*PROMPT*
Repeat only the lines from the one that contains "冷凍庫の製造元は「同じ不具合" through the final line of the listing below, exactly, please, without pictures.

*THE DATA*
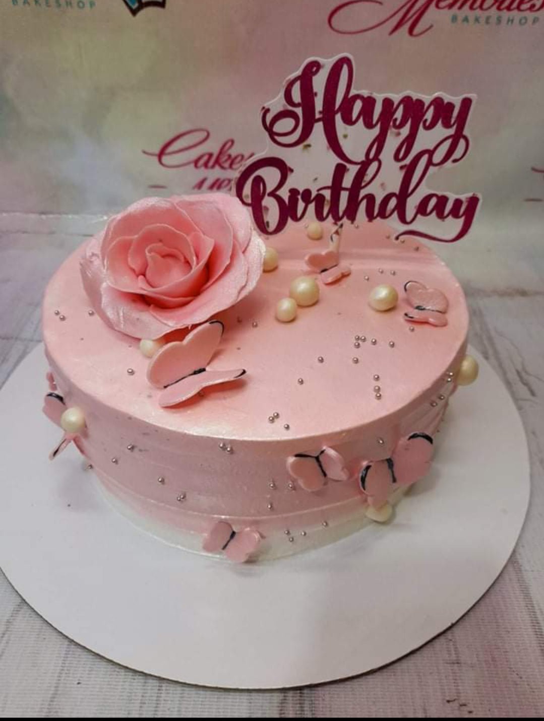 Pink minimalist birthday cake with a large pink fondant rose, pink butterflies, and silver dragees.
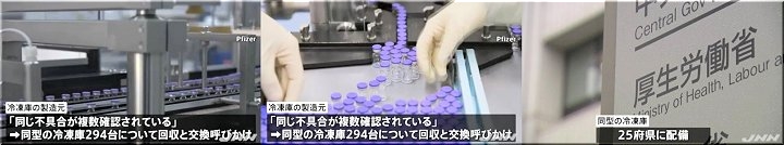 冷凍庫の製造元は「同じ不具合が複数確認されている」として、同型の冷凍庫2944台について回収と交換を呼びかけています。厚生労働省によりますと、同型の冷凍庫は25府県に配備されているということです。
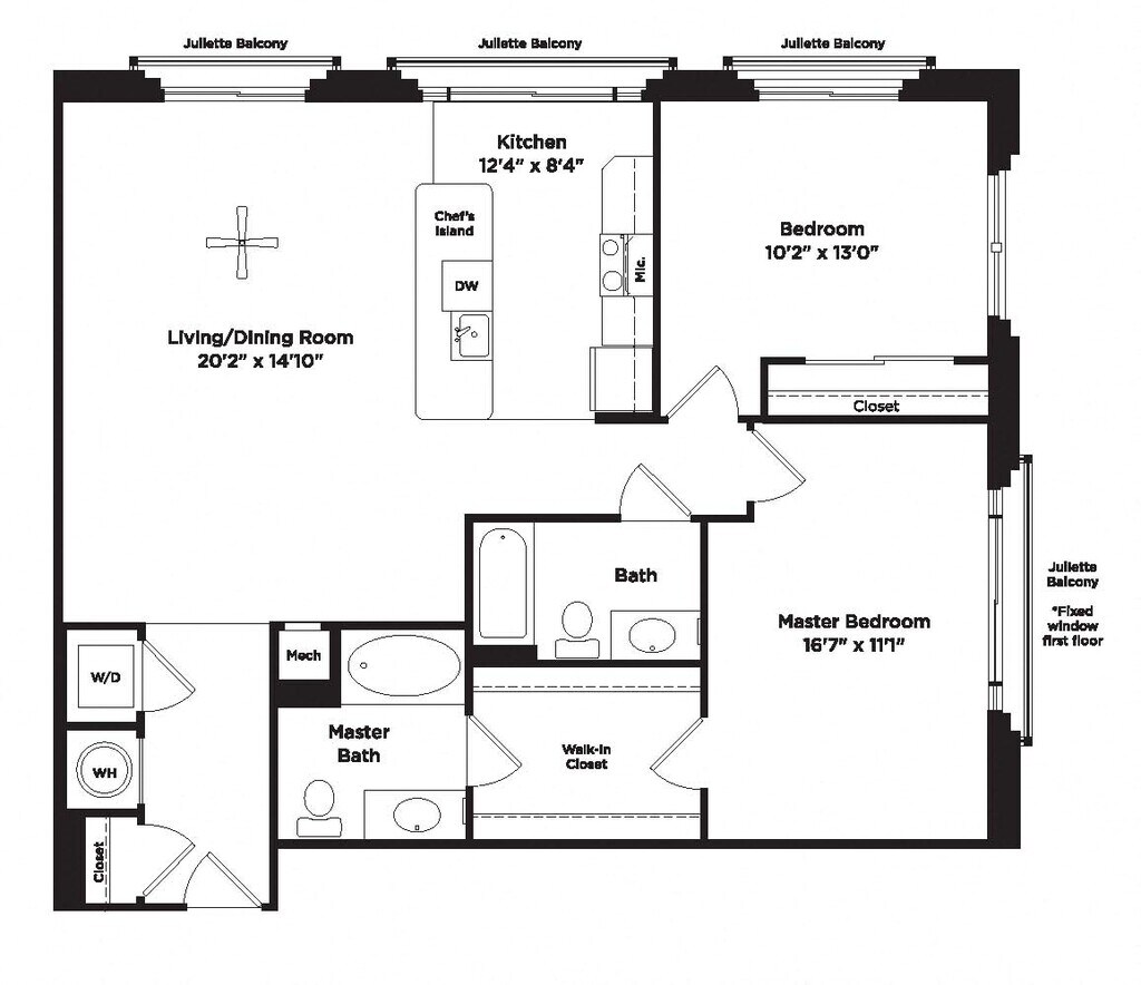 1 Bed, 1 Bath, 679 sq ftPlus FeesAvailable NowModel Gallery

*SOLVED PROBLEM*
 冷凍庫の製造元は「同じ不具合が複数確認されている」として、同型の冷凍庫2944台について回収と交換を呼びかけています。厚生労働省によりますと、同型の冷凍庫は25府県に配備されているということです。
 1 Bed, 1 Bath, 679 sq ftPlus FeesAvailable NowModel Gallery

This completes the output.